The whole time, I was still concealing. I would style my hair in ways where you couldn’t insure the spots, and I would color in my scalp with eye darknes when I would perform. I was still nervous that someone would find out. Would my career be ruined? What would happen if people knew?
Well , now you are aware. In the past three and a half years, I have combated this most recent round as a successful burlesque star, and it has been devastating. To consider my hair in the sink, in the drainage, in the junk, in the comb was crippling. I would cry and cry, and then I would have to put on makeup and do a show. The conflict was debilitating.
I lost more than my hair. I lost myself. My husband lost his wife. I was a shell of the person I was supposed to be. No one could help me. I was getting shoots in my scalp each month for two years. It just got worse. I decided to pursue alternative therapies like yoga, acupuncture and the AIP diet( autoimmune paleo protocol ). The diet change was so hard, especially with all the travel I do, and my love for all things cheesy, starchy and bourbon-y.
Eventually, everything I did was about my hair. How could I get it to stop falling out? How much fall-out was there today? Was it less than yesterday? Showering was a make-or-break experience, as I counted the hairs going down the drain. It was day after day of dashed hopes.
Hiding the real you is very painful, and I know many people can understand that. I decided to embrace it and shave my head. I began walking around without a wrap or turban on my head. And then, I felt it was time to really share my story with the world. I know I’m not the only one struggling in life, and it’s good to know from time to time that you are not alone.
Alopecia has shaped me and my faiths. Everything that I teach in my burlesque class comes from this place of understanding. I guess females are beautiful, and it is my job to help them see that. I want to empower women and empower my audience. But in empowering others, I forgot to empower myself. I had to dig deep and practise what I preach. I had to see the beauty in myself. I had to look twice.
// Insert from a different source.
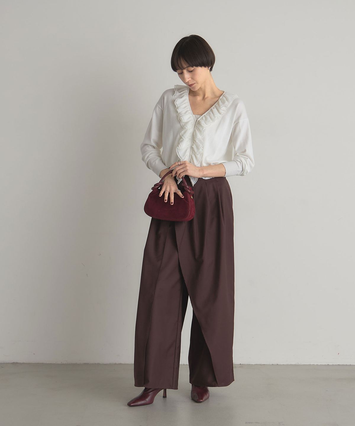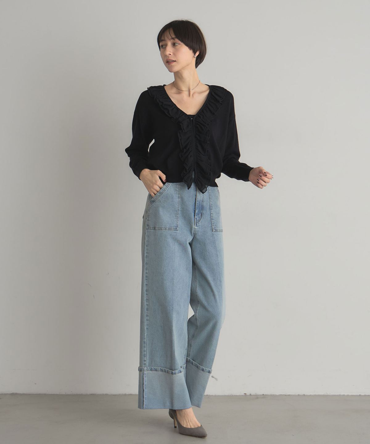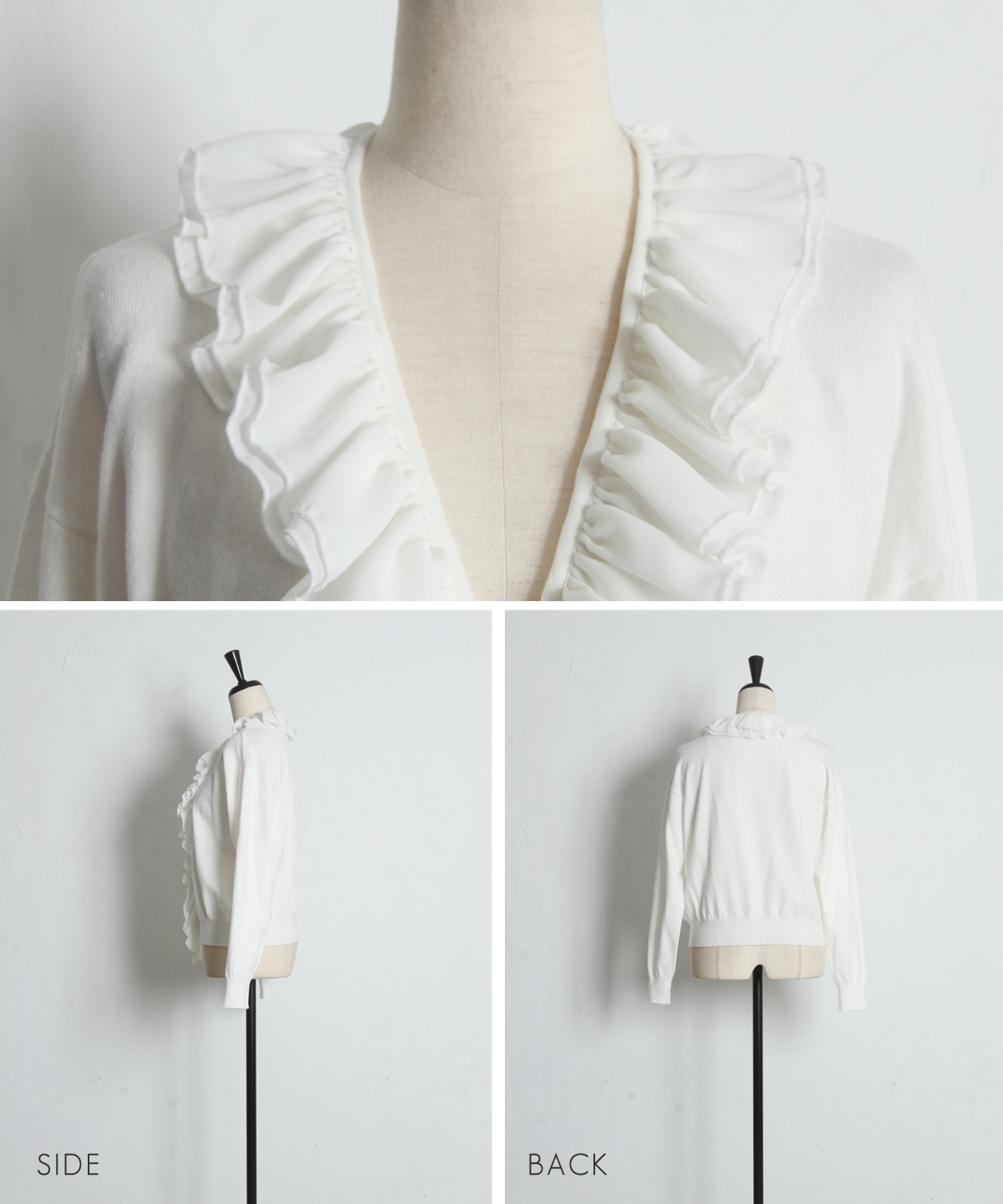 | 商品説明 | : | フリルで華やかさをプラス、すっきりシルエットのシフォンカーディガン。 Vネックの開きに沿って、シフォンフリルをあしらったフェミニンなカーディガン。 すっきりとした丈感でボトムスとのバランスも取りやすく、 ソフトな質感がコーディネートを彩ります。 1枚で着るだけでも上品な印象に仕上がり、デイリーからちょっとしたお出かけまで幅広く活躍する一枚です。 |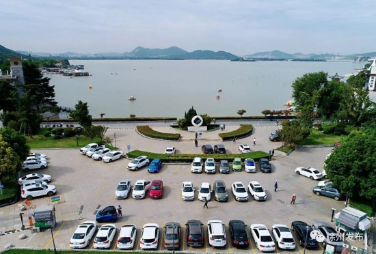 金山塔下出游车辆有序停放。

I feel vulnerable sharing this with the world, but it’s also exhilarating! I can finally be me again. I am observing strength in my vulnerability, and that is powerful.
I believe that beauty is truth. Beauty is not makeup or hair or clothes. Those are skills. Beauty is real, vulnerable and honest. I am not saying that this is easy. I will never say that. It is hard, and you should respect the process. What I will say is that the risks are worth the reward.
We each have our own truth, and I want to encourage you to live yours today. You are not alone.